● TASK PROMPT
Go to the line with "2、阁楼货架楼面铺设货架专用" in the material below and copy from there through the line with "Sri Krishna Pharma", exactly. Pictures are not copied.

[[ INPUT, beginning ]]

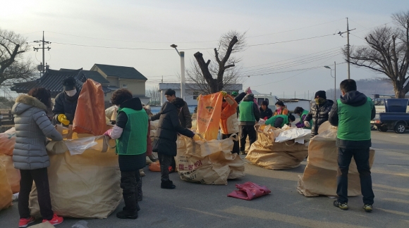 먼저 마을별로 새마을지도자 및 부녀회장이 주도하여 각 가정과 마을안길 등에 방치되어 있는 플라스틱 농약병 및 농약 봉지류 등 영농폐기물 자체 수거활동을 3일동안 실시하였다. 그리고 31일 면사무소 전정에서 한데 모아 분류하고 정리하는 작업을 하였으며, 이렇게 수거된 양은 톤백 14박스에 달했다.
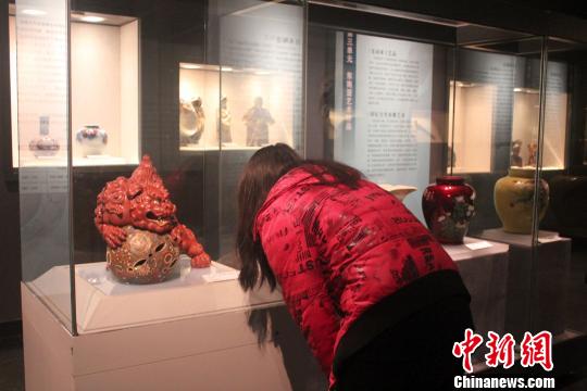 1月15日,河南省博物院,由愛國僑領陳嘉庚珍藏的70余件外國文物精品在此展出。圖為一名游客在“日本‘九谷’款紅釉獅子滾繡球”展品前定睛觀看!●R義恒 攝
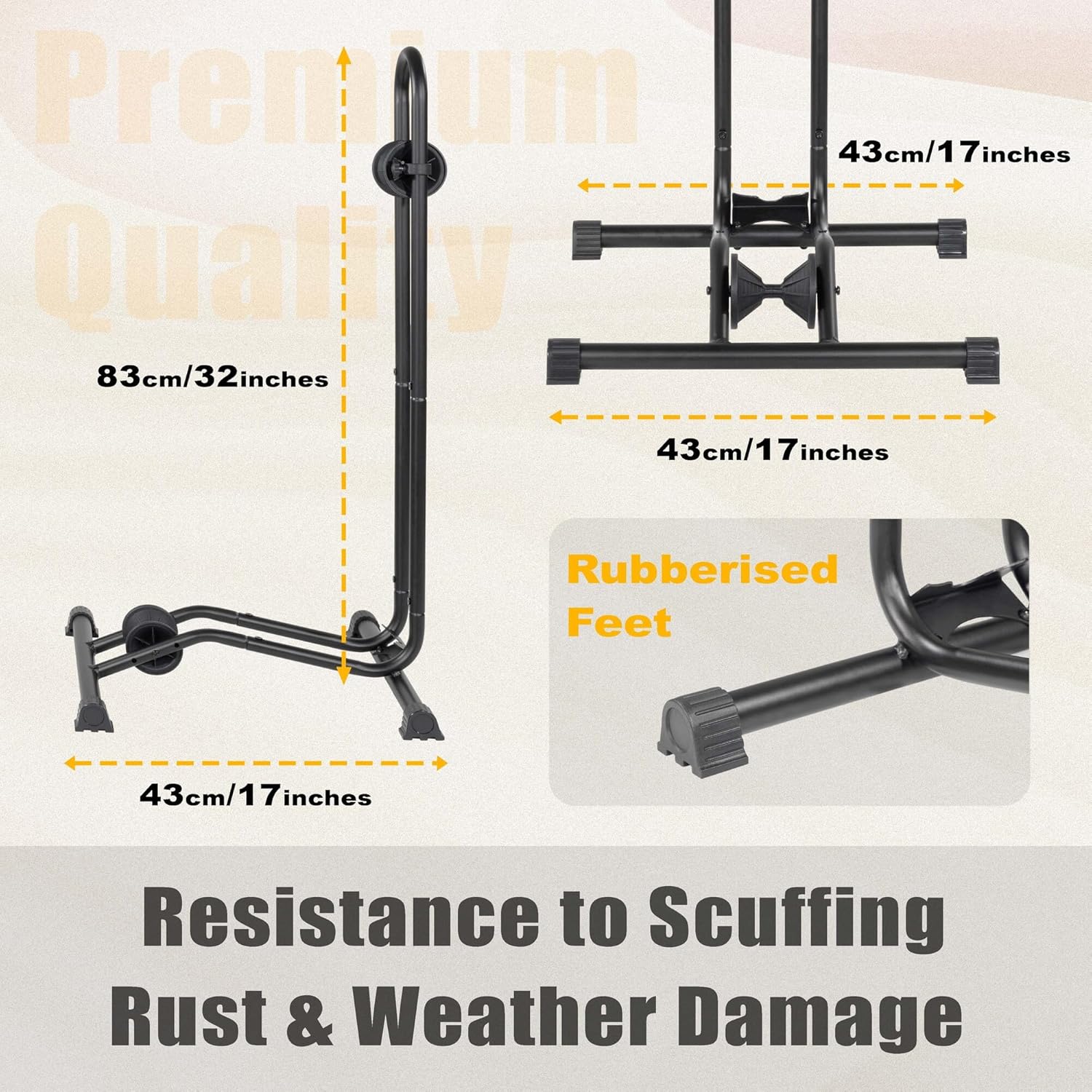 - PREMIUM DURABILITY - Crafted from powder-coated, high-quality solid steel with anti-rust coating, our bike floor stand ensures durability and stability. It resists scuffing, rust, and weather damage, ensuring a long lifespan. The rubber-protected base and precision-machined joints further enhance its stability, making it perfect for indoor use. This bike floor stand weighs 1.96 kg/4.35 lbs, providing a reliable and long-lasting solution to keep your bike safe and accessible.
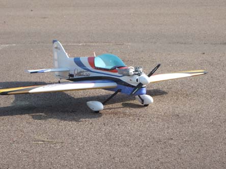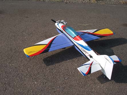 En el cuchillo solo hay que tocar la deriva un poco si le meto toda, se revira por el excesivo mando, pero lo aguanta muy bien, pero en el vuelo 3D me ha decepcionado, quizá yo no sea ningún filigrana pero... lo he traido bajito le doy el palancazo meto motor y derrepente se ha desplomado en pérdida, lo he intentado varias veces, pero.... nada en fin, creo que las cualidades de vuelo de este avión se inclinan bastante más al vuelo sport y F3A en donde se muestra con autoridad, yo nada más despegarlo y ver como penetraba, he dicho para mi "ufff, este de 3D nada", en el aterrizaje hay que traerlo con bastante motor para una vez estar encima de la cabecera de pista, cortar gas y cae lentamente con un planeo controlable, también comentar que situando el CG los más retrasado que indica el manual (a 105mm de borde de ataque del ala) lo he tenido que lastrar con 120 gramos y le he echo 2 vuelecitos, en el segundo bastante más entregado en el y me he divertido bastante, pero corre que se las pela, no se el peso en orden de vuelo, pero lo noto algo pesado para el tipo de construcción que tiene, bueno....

[[ INPUT, end ]]
[[ INPUT, beginning ]]

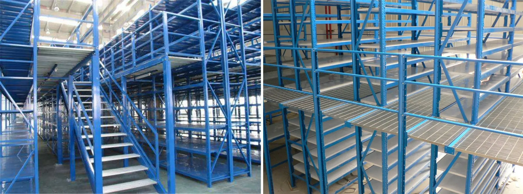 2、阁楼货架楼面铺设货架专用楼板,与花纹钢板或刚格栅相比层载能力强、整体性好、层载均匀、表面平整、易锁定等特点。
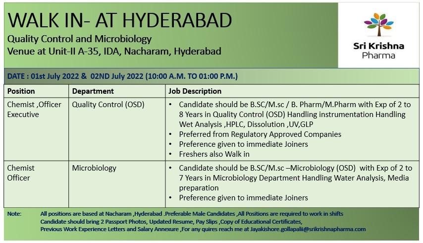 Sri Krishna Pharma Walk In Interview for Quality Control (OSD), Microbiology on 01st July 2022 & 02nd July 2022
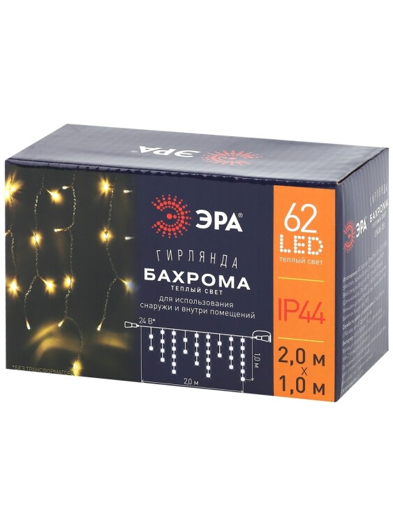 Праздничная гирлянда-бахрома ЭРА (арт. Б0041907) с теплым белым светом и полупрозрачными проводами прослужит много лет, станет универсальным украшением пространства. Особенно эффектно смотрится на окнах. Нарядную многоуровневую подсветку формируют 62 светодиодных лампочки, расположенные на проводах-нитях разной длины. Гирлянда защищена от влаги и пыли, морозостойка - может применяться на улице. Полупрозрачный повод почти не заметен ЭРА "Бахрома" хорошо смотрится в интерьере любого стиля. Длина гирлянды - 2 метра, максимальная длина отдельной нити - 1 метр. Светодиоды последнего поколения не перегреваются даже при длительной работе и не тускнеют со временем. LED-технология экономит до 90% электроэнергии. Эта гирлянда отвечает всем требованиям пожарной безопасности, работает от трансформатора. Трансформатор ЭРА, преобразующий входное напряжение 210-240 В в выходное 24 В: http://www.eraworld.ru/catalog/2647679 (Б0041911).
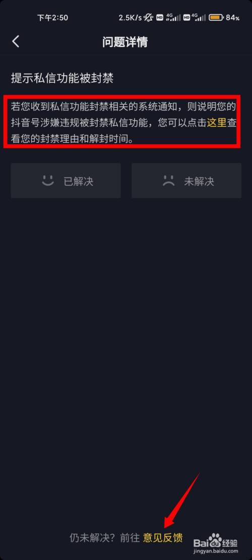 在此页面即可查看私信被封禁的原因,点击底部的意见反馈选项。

[[ INPUT, end ]]
[[ INPUT, beginning ]]

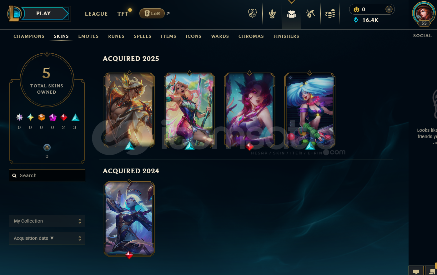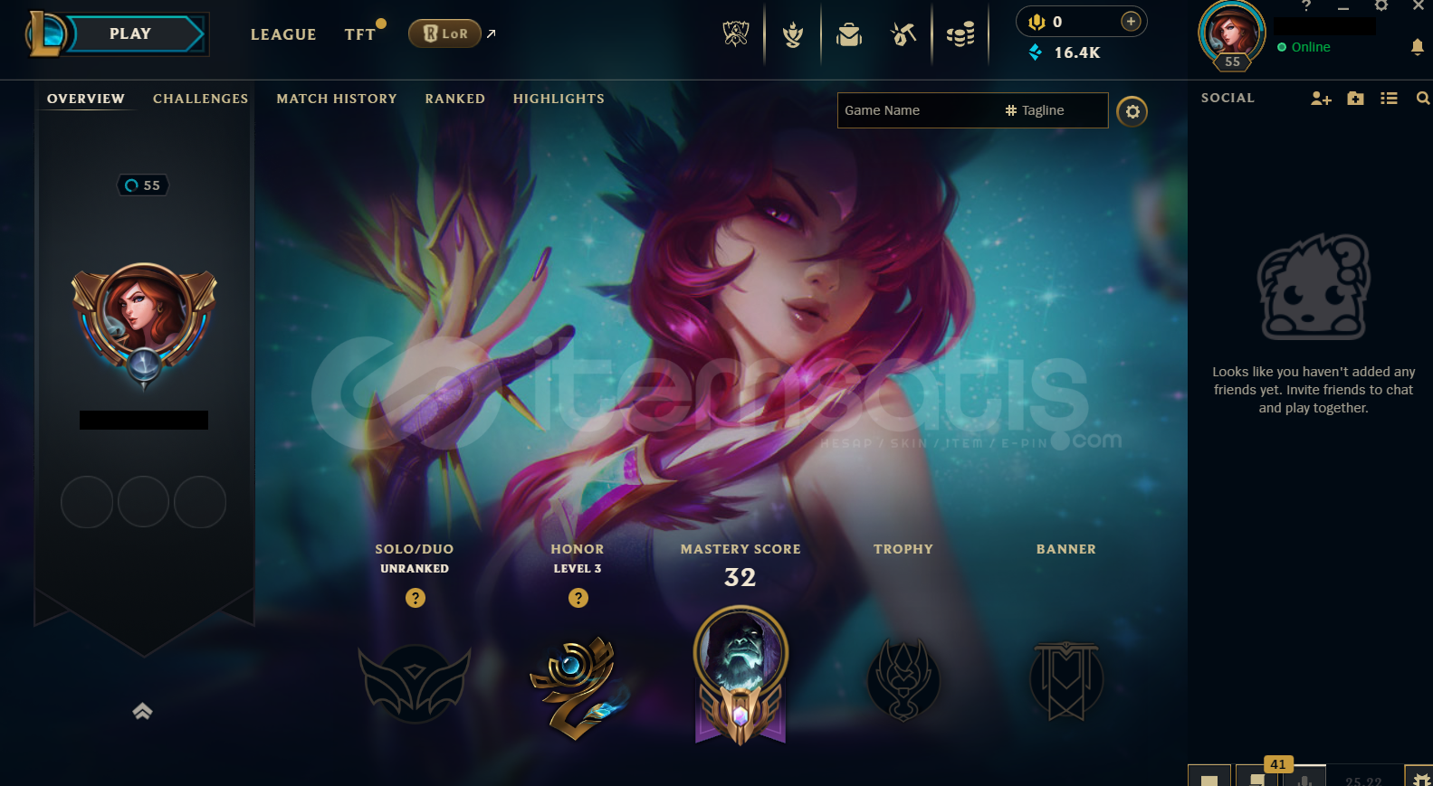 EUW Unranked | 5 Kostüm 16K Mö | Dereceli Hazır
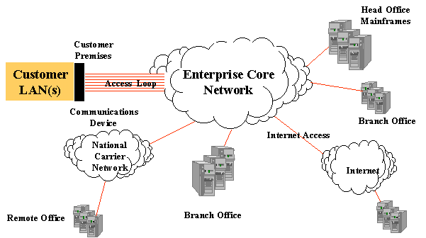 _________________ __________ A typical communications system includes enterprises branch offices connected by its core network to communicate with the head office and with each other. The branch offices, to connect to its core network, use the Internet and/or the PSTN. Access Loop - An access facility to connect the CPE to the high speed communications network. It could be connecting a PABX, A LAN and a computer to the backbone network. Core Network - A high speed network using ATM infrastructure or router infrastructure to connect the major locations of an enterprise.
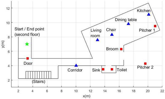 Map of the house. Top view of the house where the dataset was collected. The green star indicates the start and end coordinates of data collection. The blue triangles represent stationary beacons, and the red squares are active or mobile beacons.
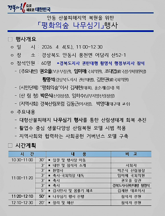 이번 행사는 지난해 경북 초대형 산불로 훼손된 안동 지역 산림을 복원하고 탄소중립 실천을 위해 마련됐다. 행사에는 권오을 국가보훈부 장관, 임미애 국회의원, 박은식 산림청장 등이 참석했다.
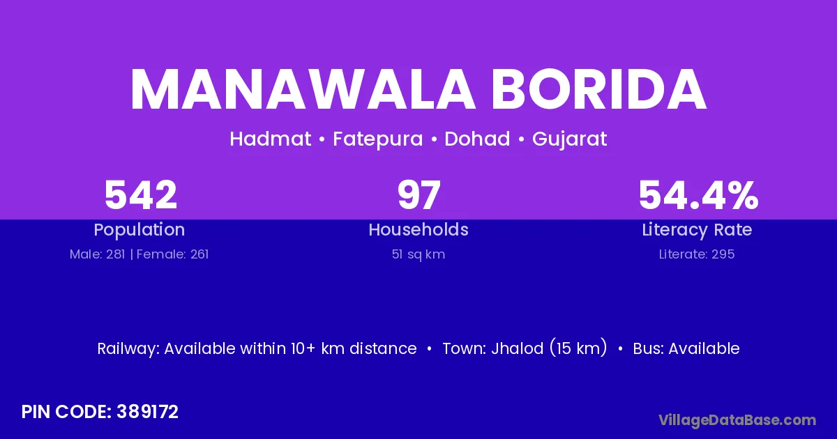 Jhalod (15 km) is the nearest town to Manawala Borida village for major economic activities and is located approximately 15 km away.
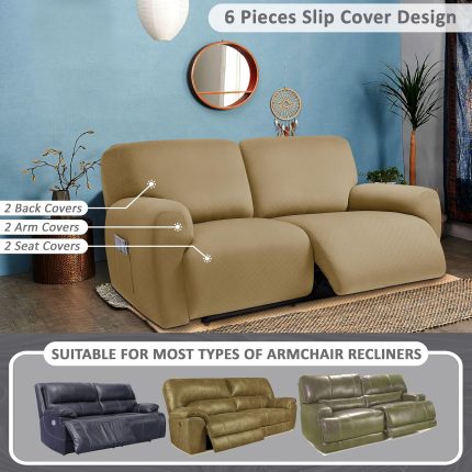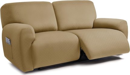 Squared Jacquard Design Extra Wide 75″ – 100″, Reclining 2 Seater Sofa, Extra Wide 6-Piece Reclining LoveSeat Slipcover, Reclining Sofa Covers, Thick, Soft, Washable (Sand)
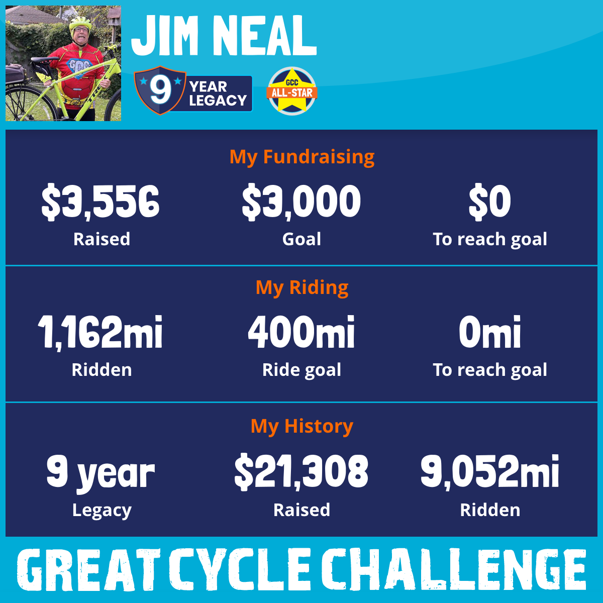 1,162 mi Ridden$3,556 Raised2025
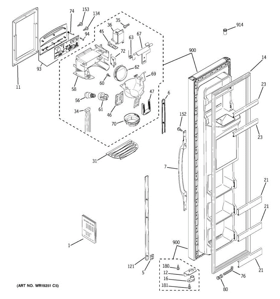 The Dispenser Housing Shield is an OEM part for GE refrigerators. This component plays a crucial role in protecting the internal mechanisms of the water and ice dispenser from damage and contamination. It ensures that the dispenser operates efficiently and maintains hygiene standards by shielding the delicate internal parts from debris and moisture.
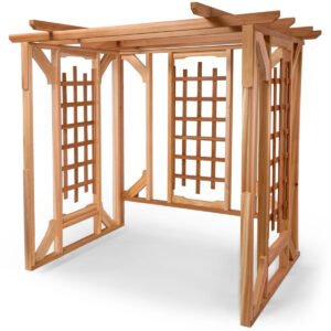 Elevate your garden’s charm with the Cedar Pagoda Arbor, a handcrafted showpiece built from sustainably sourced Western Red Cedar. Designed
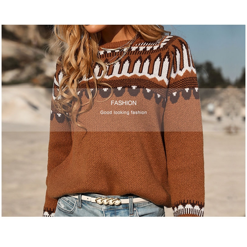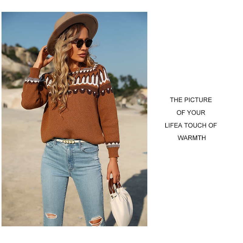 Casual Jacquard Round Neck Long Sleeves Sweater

[[ INPUT, end ]]

● RESPONSE TO THE EXERCISE
 2、阁楼货架楼面铺设货架专用楼板,与花纹钢板或刚格栅相比层载能力强、整体性好、层载均匀、表面平整、易锁定等特点。
 Sri Krishna Pharma Walk In Interview for Quality Control (OSD), Microbiology on 01st July 2022 & 02nd July 2022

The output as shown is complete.